Caro direttore,
chiedo ospitalità al sussidiario per intervenire nel dibattito aperto dall’editoriale di Giorgio Vittadini pubblicato con il titolo Il potere e la gloria e proseguito con gli interventi di Benedetta Frigerio e Lorenza Violini, fissando quattro brevi osservazioni.
1. Al pari della discussione su inizio e fine della vita, il dibattito su matrimonio e famiglia ha per oggetto regole destinate a disciplinare il vivere comune degli uomini. La questione ha, quindi, carattere giuridico. Nelle espressioni tradizionali del diritto romano, ius hominum causa constitutum est: il diritto è posto per regolare i rapporti tra gli uomini.
In qualsiasi ordinamento, tuttavia, le regole giuridiche sono l’esito di una scelta tra diverse soluzioni possibili, la quale, a sua volta, dipende da un’opzione di valore. All’origine di ogni regola giuridica esiste, pertanto, una scelta politica e, più profondamente, un’opzione filosofica su ciò che è bene. Tale opzione filosofica è comunemente identificata con il termine “etica”. In questa prospettiva, per sua natura la discussione su matrimonio e famiglia ha carattere politico e riguarda valori etici.
Diversa questione è quale sia il valore etico da cui far dipendere la scelta politica e come lo si possa conoscere in una società pluralista e incline a pensare che l’uomo non sia capace di verità. L’enfasi sulla libertà e sul consenso democratico sono, al riguardo, la risposta più comune.
2. Alla luce di queste osservazioni, l’editoriale intitolato Il potere e la gloria contiene affermazioni che richiedono alcune precisazioni.
Sotto un primo profilo, censurare coloro per i quali «affermare valori morali sembra prioritario rispetto al cambiamento profondo che il fatto cristiano produce» non coglie il punto. Se le scelte giuridiche presuppongono necessariamente un’opzione filosofica su ciò che è bene, i valori etici sono, al fondo, l’oggetto proprio della discussione. In parole diverse, se la discussione è politica, è di politica che occorre parlare.
Per altro verso, contrapporre «improbabili battaglie a colpi di valori etici» a testimonianze capaci di mostrare «la forza dell’annuncio cristiano, novità assoluta capace di rinnovare l’uomo e di fargli riscoprire la convenienza umana e le ragioni di una morale davvero corrispondente» non riesce a spiegare il ruolo della religione nel dibattito pubblico. Se la discussione riguarda le regole per il vivere comune, è il nesso tra la novità dell’annuncio cristiano e le scelte etiche a fondamento di tali regole che deve essere illuminato. In parole diverse, quale è il contributo che l’annuncio cristiano può dare per identificare le scelte etiche più adeguate per il vivere comune?

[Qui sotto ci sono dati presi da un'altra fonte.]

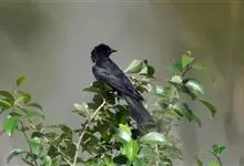 黑卷尾是雀形目卷尾科一属,又称铁练甲、铁燕子、铁林哥、羊蹄刺、榨油郎,体长约30厘米全身蓝黑色而具金属光泽,尾长且分叉较深。幼鸟似成鸟,金属光泽弱,下腹部具近白色的横纹。虹膜暗红色,嘴黑色,脚黑色。…全部>>

3. Un aiuto a rispondere a una simile domanda è offerto da un passaggio del discorso pronunciato da Benedetto XVI a Westminster Hall, nel settembre 2010. Dopo aver ricordato che, secondo la tradizione cattolica, «le norme obiettive che governano il retto agire sono accessibili alla ragione, prescindendo dal contenuto della rivelazione», Benedetto XVI ha chiarito il ruolo della religione nel dibattito politico: non tanto «fornire tali norme, come se esse non potessero esser conosciute dai non credenti», quanto, piuttosto, «aiutare nel purificare e gettare luce sull’applicazione della ragione nella scoperta dei principi morali oggettivi», secondo un «profondo e continuo dialogo» tra il mondo della ragione e il mondo della fede, «per il bene della nostra civiltà».

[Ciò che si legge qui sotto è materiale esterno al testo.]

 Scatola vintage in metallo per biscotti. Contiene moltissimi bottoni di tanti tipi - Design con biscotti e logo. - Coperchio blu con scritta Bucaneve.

Altrettanto utile un passaggio di un articolo pubblicato nel 1996 dall’allora card. Ratzinger, intitolato Verità e libertà. Acutamente rilevando i limiti delle attuali forme democratiche nell’assicurare la libertà, l’articolo identifica la chiave di un’adeguata relazione tra gli uomini nell’idea di una «verità comune di un’unica umanità, presente in ogni persona» e che «la tradizione chiama “natura”», precisando come il diritto sia, nel contempo, espressione e condizione di tale relazione adeguata.
4. Una simile impostazione è chiamata a essere declinata nell’esercizio di una libertà responsabile, secondo la virtù che il Catechismo della Chiesa Cattolica chiama «prudenza» e intende, seguendo san Tommaso, come «retta norma dell’azione».
In questa logica, una manifestazione pubblica diretta a esprimere pubblicamente un valore etico su matrimonio e famiglia può essere, oppure no, una modalità adeguata; in modo analogo, l’atteggiamento da assumere nei confronti di proposte di legge non è per forza monolitico, potendo essere intelligentemente proporzionato alla situazione. Indispensabile è, in entrambi i casi, una argomentazione ragionevole, che faccia ricorso a espliciti criteri di verificabilità.
In nessun caso, invece, si può arrivare a eludere il problema. Ne andrebbe della ricerca della verità e della responsabilità — come uomini e come cristiani — per la convivenza sociale e il bene della nostra civiltà.